(Data records)
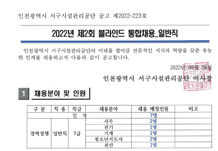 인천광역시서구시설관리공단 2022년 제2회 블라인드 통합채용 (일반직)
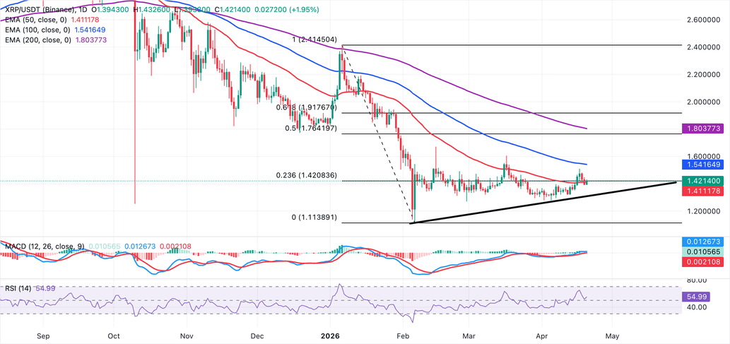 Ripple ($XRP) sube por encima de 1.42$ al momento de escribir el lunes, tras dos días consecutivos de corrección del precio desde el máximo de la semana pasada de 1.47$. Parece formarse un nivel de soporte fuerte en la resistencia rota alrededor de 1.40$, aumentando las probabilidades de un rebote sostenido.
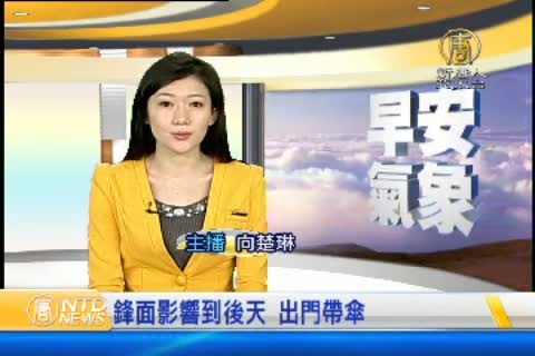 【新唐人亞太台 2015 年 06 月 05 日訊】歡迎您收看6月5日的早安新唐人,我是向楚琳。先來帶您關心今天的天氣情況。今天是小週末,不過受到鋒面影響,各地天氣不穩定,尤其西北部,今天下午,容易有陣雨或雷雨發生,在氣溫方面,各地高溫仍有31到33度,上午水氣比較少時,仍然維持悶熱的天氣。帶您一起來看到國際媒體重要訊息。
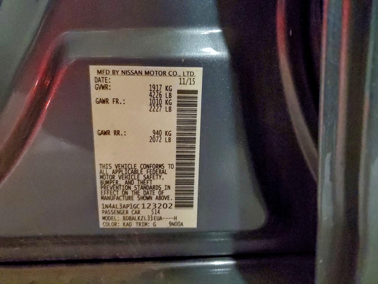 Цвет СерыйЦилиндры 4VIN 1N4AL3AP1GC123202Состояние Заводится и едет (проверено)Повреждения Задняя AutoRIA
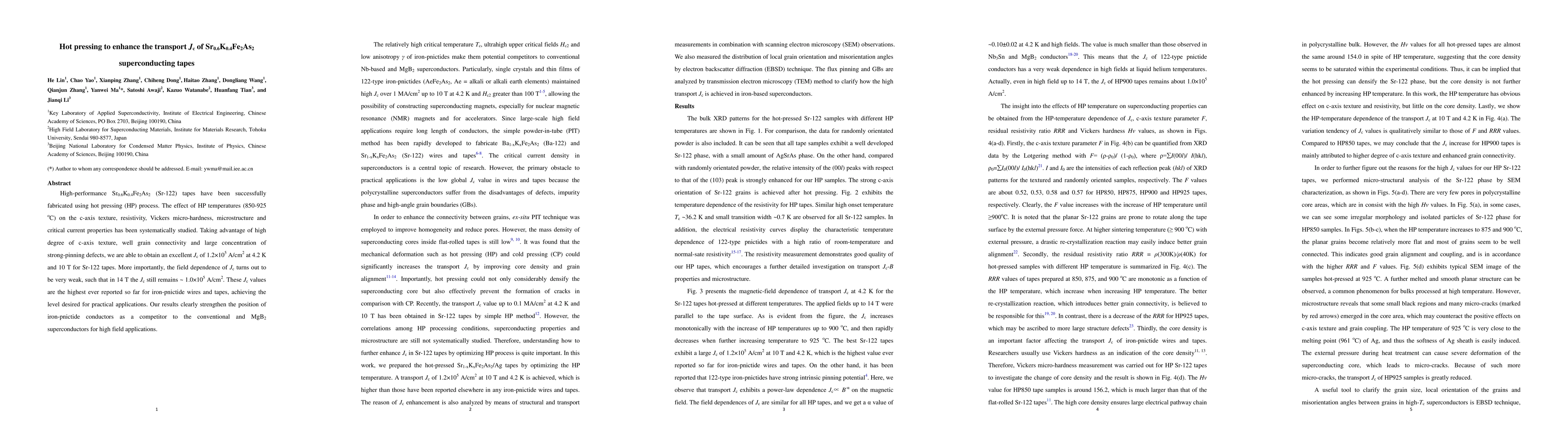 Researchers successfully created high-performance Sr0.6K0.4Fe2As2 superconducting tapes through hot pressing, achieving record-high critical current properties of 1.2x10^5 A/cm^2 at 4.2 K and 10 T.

...

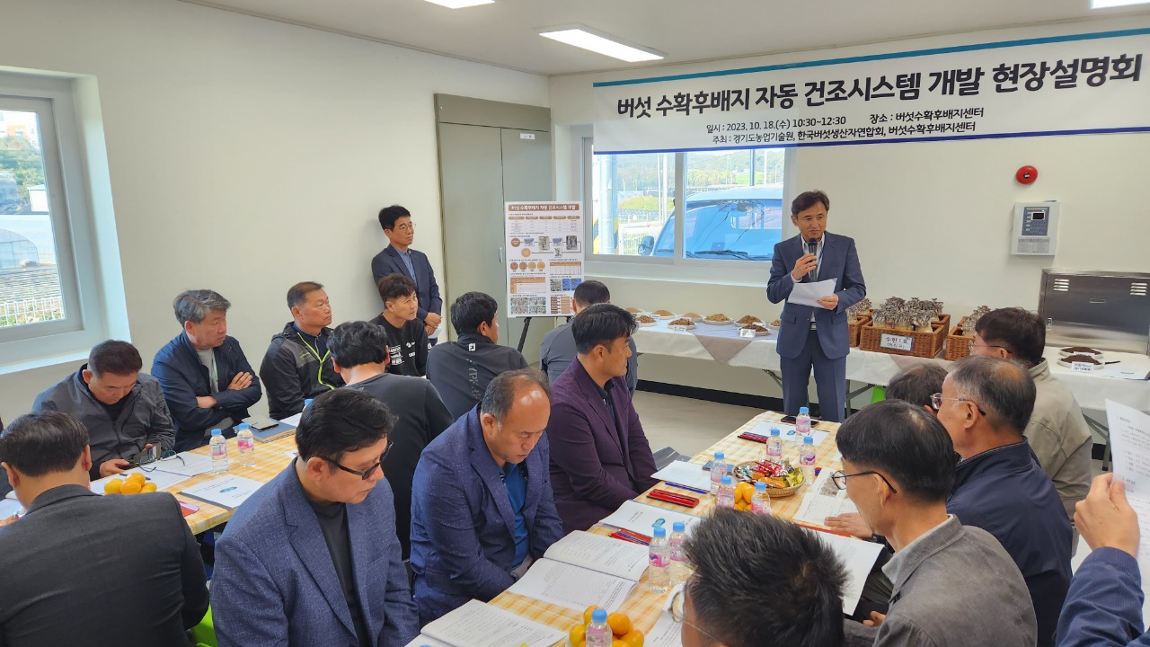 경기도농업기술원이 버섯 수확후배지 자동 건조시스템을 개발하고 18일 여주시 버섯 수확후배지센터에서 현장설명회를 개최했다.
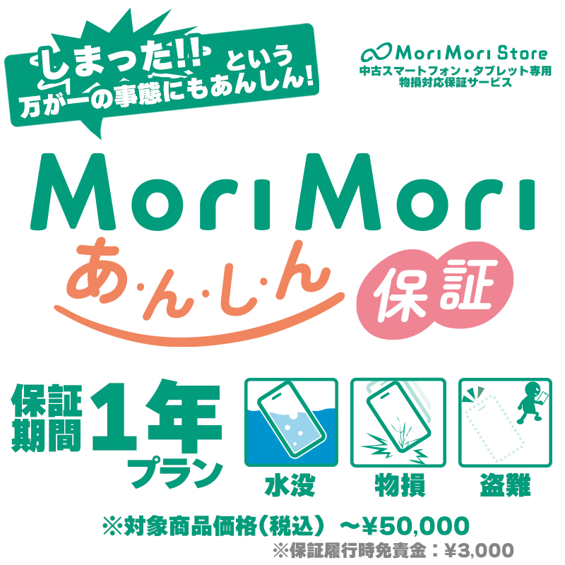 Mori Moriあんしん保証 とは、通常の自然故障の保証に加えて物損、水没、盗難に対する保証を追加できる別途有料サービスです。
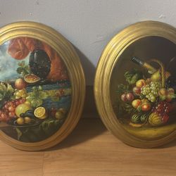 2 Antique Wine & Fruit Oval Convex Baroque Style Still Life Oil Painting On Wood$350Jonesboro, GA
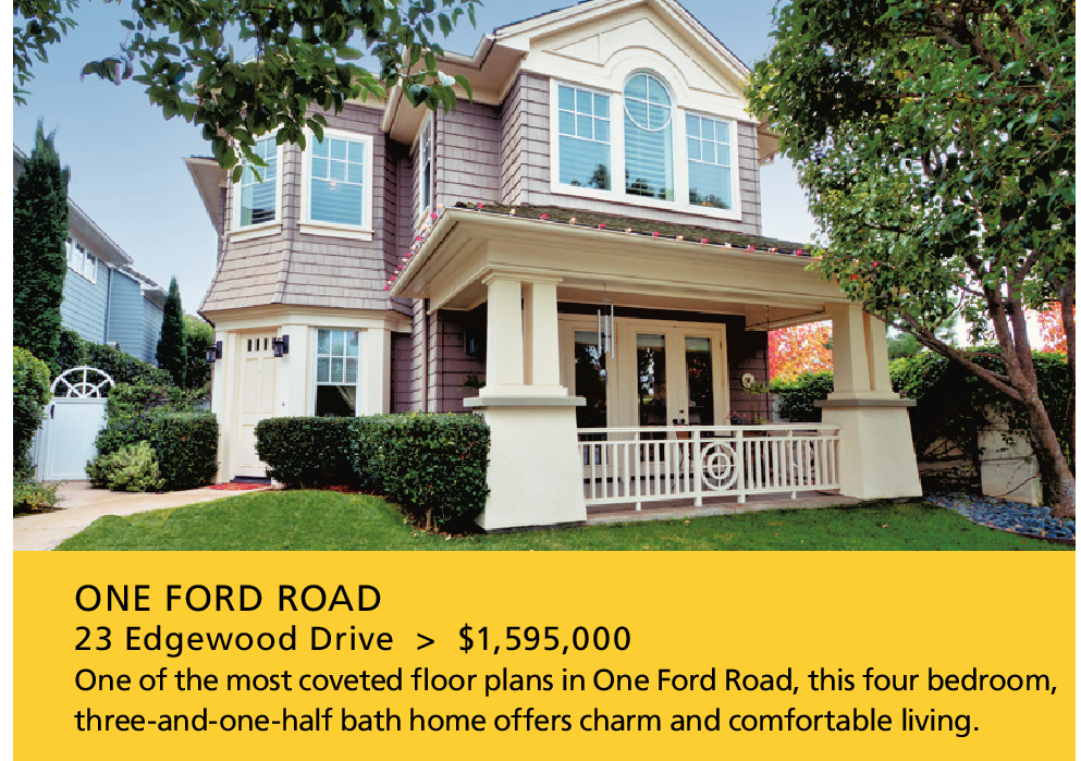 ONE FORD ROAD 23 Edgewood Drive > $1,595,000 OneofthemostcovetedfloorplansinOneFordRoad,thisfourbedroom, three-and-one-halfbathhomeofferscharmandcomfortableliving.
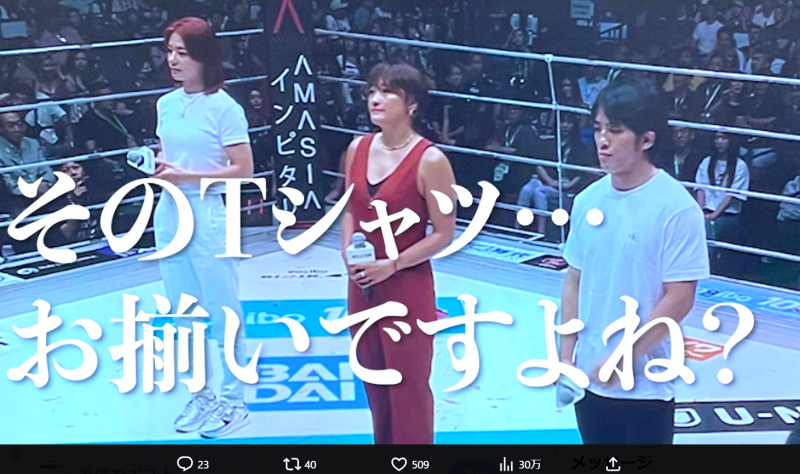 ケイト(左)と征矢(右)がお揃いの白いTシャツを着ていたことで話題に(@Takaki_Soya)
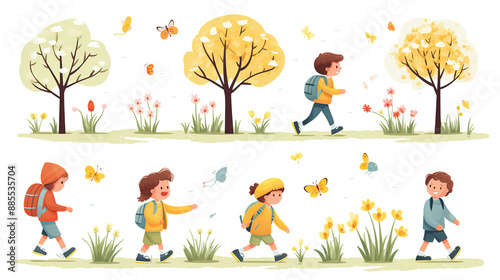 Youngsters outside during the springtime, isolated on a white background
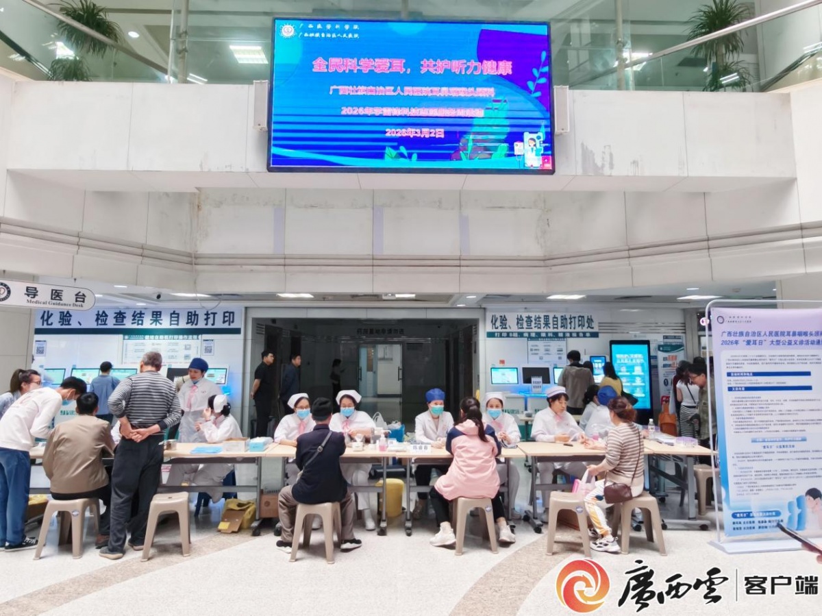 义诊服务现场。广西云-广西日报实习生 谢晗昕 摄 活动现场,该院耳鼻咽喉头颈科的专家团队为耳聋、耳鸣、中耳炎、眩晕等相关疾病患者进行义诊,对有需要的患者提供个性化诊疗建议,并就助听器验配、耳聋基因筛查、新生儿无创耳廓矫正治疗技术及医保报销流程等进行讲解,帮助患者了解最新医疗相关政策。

WHAT THE TASK REQUIRES
Starting at the line above that contains "경기도농업기술원이 버섯 수확후배지", transcribe every line exactly through the line that contains "2 Antique Wine", including that last one, and skip the pictures.

RESPONSE TO THE TASK
 경기도농업기술원이 버섯 수확후배지 자동 건조시스템을 개발하고 18일 여주시 버섯 수확후배지센터에서 현장설명회를 개최했다.
 Mori Moriあんしん保証 とは、通常の自然故障の保証に加えて物損、水没、盗難に対する保証を追加できる別途有料サービスです。
 2 Antique Wine & Fruit Oval Convex Baroque Style Still Life Oil Painting On Wood$350Jonesboro, GA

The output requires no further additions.